At the point where lifestyle changes and medication do not work, the only treatment for the patient is liver transplantation. Transplantation can be performed from a living donor or cadaver.
Frequently Asked Questions About Cirrhosis
What amount of alcohol is a risk factor for cirrhosis?
A meta-analysis study conducted in 2019; It states that women’s alcohol use, regardless of the amount, increases the risk of cirrhosis, while men’s drinking more than one drink a day increases the risk of cirrhosis compared to the general population. This is because the male body metabolizes alcohol better than the female body. There is no safe dose for alcohol.
What is Hepatitis, What Causes Hepatitis?

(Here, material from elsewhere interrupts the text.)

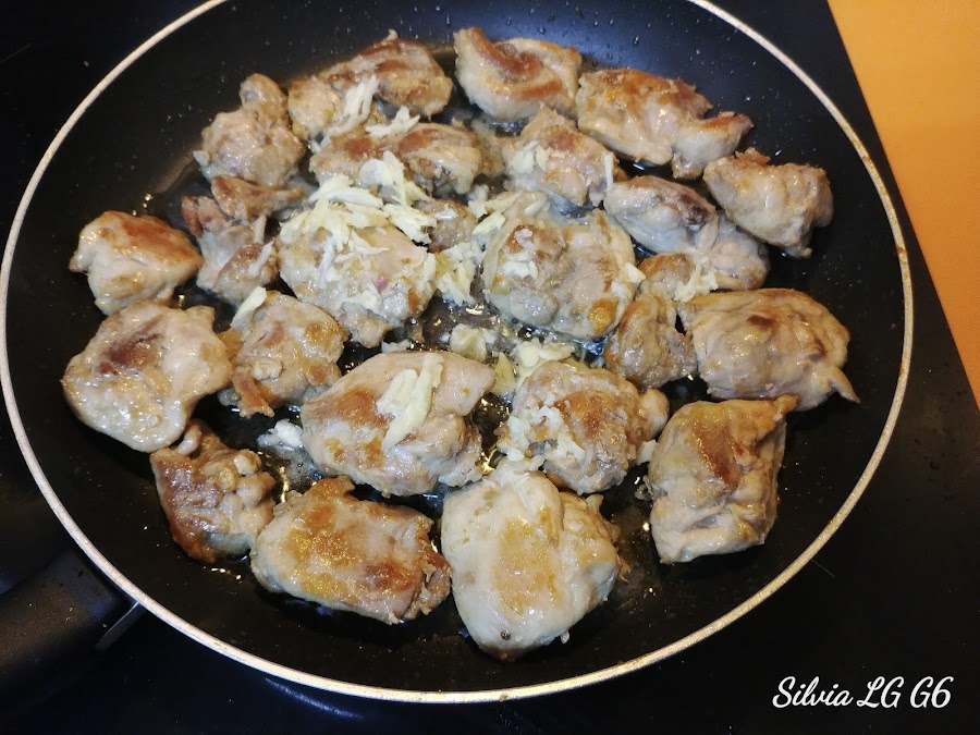 Una vez dorado el pollo, vamos a hacer un majado con los ajos y 4 cucharadas de vinagre. Lo removemos bien y lo echamos por encima del pollo.

Damage and inflammation of liver cells is called hepatitis. Hepatitis means inflammation of the liver cell, and anything that initiates inflammation in the liver cell can cause hepatitis. This damage; It can be caused by drugs, toxins, alcohol, hereditary diseases, metabolic diseases and viral infections. There are many microorganisms that cause hepatitis, but the main ones responsible are hepatitis A, B, C, D and E viruses. Of these, only hepatitis B and C viruses cause chronic hepatitis.
What are the Complications of Cirrhosis?
The most serious complication of cirrhosis is portal hypertension. It is the increase in the pressure of the portal vein, which plays a very important role in liver blood supply. Since blood circulation is blocked, varicose veins form in the esophagus, stomach and intestines. Especially esophageal varices have a very high risk of bleeding. The patient may be lost. Other complications of cirrhosis; malnutrition, liver cancer, liver failure and hypersplenism.
Is Cirrhosis a Type of Cancer?
Cirrhosis is not a type of cancer, but most patients with liver cancer also have cirrhosis. Cirrhosis increases the risk of liver cancer by 20 times.